Vivre - Contexte
Albert Camus (1913-1960) est un écrivain et un philosophe français. Son œuvre traduit une vision pessimiste du monde et de la vie : selon lui, la vie n’a pas de sens, le monde est « absurde ». L’homme est « condamné » à vivre et à mourir, il est « jeté dans ce monde » et soumis au hasard. La seule liberté de l’homme est de se révolter contre cette absurdité. Cette pensée intellectuelle n’empêche pas Camus d’exprimer une certaine forme de joie de vivre, notamment dans son recueil, Noces (1938). Il célèbre les noces entre le corps et la nature : un plaisir des sens exalté par la beauté de la mer, du soleil. Le corps est au centre d’une telle expérience de vie.
Dans la Bible, le corps ne se réduit pas à l’enveloppe charnelle : il désigne la personne toute entière (corps, âme et esprit). L’être humain est un tout et non l’addition d’un corps et d’un esprit. Ainsi, lorsque ce corps fait défaut, c’est-à-dire lorsqu’il est meurtri par la maladie, la douleur ou le handicap, c’est bien toute la personne qui est meurtrie. C’est la vie toute entière de l’individu qui est blessée.
La vie d’un être humain a différentes dimensions. La dimension la plus évidente est biologique : la vie humaine est marquée par un début et une fin, une naissance et une mort. Il existe de nombreux débats qui cherchent à définir plus précisément à quel moment cette vie biologique débute et s’arrête. La vie humaine a aussi une dimension intellectuelle. Les chrétiens pensent que l’homme est un être libre, capable de penser, de faire des choix, bref, qu’il est un être responsable. La vie humaine a aussi une dimension spirituelle. Les chrétiens pensent que cette vie spirituelle est plus forte que la mort parce qu’elle repose dans la relation que le croyant a avec Dieu tout au long de sa vie et au-delà de sa vie. C’est ce qu’ils appellent la vie éternelle.
Pour les chrétiens, toutes les dimensions de la vie sont miraculeuses. C’est-à-dire qu’elles trouvent leur origine en Dieu. C’est Dieu qui est l’initiateur et le créateur de la vie. Les hommes sont donc des créatures qui doivent leur vie ni à eux-mêmes, ni à d’autres, ni au hasard, mais à Dieu.
Les librairies regorgent d’ouvrages proposant des méthodes pour « réussir sa vie ». On peut s’interroger sur les critères d’une telle réussite. Certains peuvent partir en quête d’une reconnaissance sociale : le travail ou l’argent en sont souvent les critères. D’autres parlent plutôt de réussite dans le domaine privée : il s’agit alors de s’épanouir, de réussir sa vie familiale, son couple, l’éducation de ses enfants.

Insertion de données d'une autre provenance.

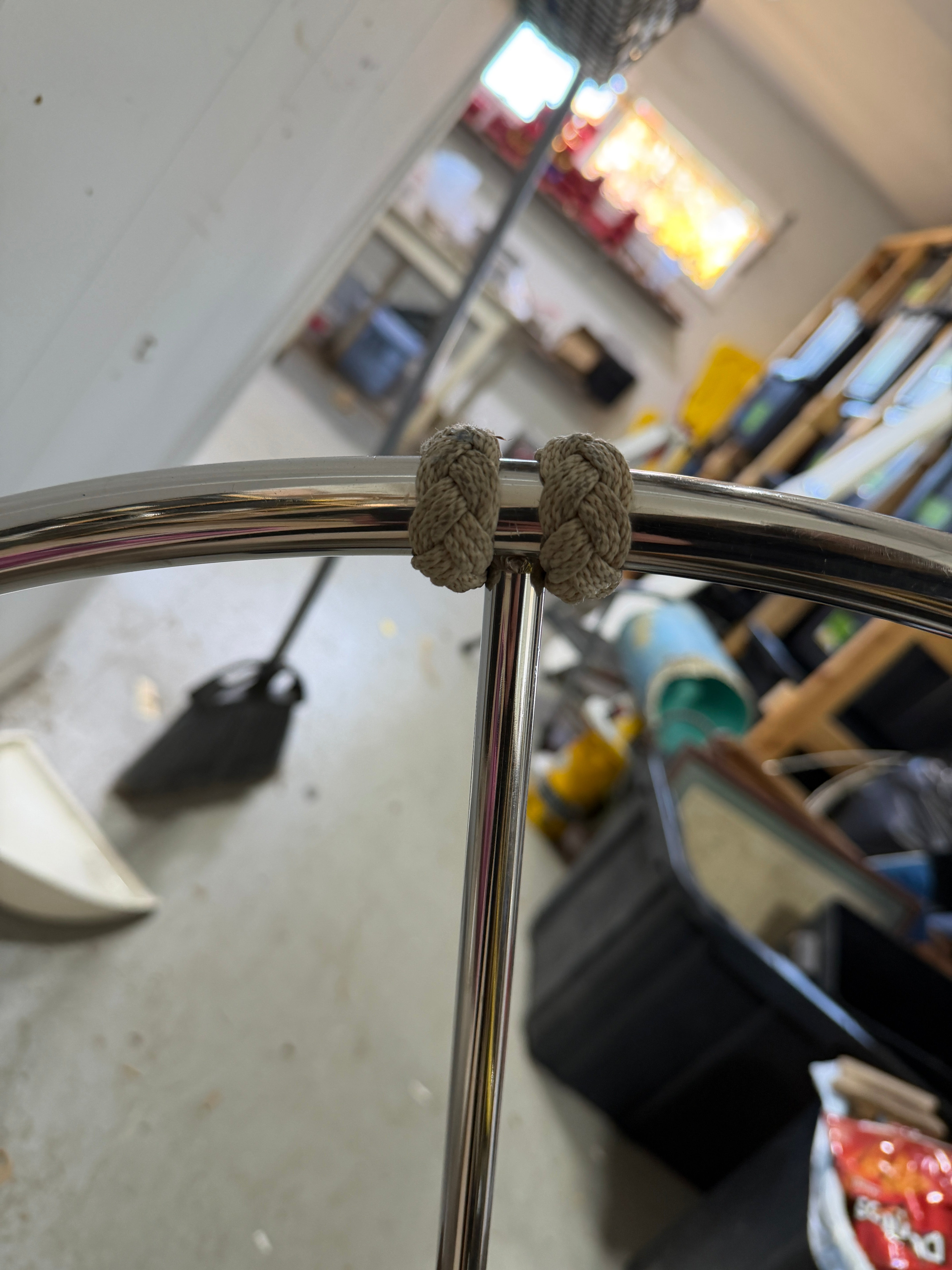 This is a 32" stainless steel edson wheel. It has a 1" keyed straight shaft. Included is an auto helm wheel pilot.

Mais l’expression « réussir sa vie » soulève une problématique plus générale. « Réussir sa vie » sous-entend qu’on peut la rater comme s’il s’agissait d’une sorte de concours. La vie devient alors une mise à l’épreuve où l’individu se doit d’acquérir pour lui-même ou pour les autres ce qui lui permettra de bien vivre. L’individu devient l’acteur principal de sa vie, il en est maître et c’est de lui que dépend sa réussite ou son échec. Le but ultime de la vie est alors de l’élever jusqu’à un certain niveau d’accomplissement, de parvenir à l’idéal qu’on s’est fixé.
De telles volontés de réussite sont tout à fait légitimes : chacun aspire à vivre en harmonie avec soi-même, dans son couple, à son travail. Les chrétiens rendent toutefois attentif au fait qu’il ne s’agit pas de confondre le moyen et le but. S’il y a des moyens qui permettent de vivre mieux et bien, ils ne sont pas nécessairement des objectifs à atteindre et en dehors desquels il n’existerait pas de vie heureuse. Les chrétiens croient qu’ils ne sont pas maîtres de leur vie, en ce sens qu’ils ne peuvent pas en maîtriser tous les aspects : la vie réserve assez de surprises (bonnes ou mauvaises) pour s’en convaincre. Ainsi, il ne s’agit pas tant de « réussir sa vie » que de « vivre », c’est-à-dire recevoir cette vie chaque jour comme un don de Dieu même si ce don n’est pas un gage de satisfaction parfaite et permanente.